Under the same oil displacement measures, with the increase of the permeability ratio, improved recovery efficiency increases and the variation in the values of various residual oil saturation gradually increases, which shows that injection of the displacement agent can effectively improve reservoir heterogeneity. From Figure 8, we can see that under the same permeability ratio, compared with conventional water flooding, all kinds of residual oil saturation are reduced. Binary flooding mainly activates cluster and oil drop residual oils; polymeric surfactant with binary flooding mainly activates cluster, oil film, and column residual oils; polymeric surfactant flooding mainly activates cluster, oil drop, and column residual oils.

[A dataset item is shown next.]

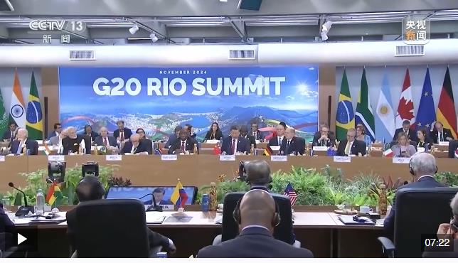 當天,G20領導人第十九次峰會在里約熱內盧現(xiàn)代藝術博物館開幕。峰會主題是“構建公正的世界和可持續(xù)的星球”,重點聚焦全球不平等、抗擊饑餓與貧困、可持續(xù)發(fā)展和全球治理改革等議題。

3.2. Displacement Effect of Different Oil Displacement Measures Using an Artificial Core

In order to explore the reliability of the microscopic model test results, the artificial core displacement tests were carried out in this paper. Using a core with a permeability ratio of 6 to explore displacement effect under different displacement measures, as shown in Figure 9, it can be seen from the recovery ratio and water cut curves that the water cut reduction of polymeric surfactant flooding is the largest, which has the best displacement effect, followed by polymeric surfactant with binary flooding and binary flooding alone; it is consistent with the oil displacement experiment results of the photoetched glass model; the corresponding recovery ratios were increased by 20.22%, 16.30%, and 13.09%, respectively.

Figure 9: Curves of injection pore volume versus oil displacement efficiency, water cut, and pressure with a permeability ratio of 6 for different oil displacement measures: (a) oil displacement efficiency and water cut; (b) pressure.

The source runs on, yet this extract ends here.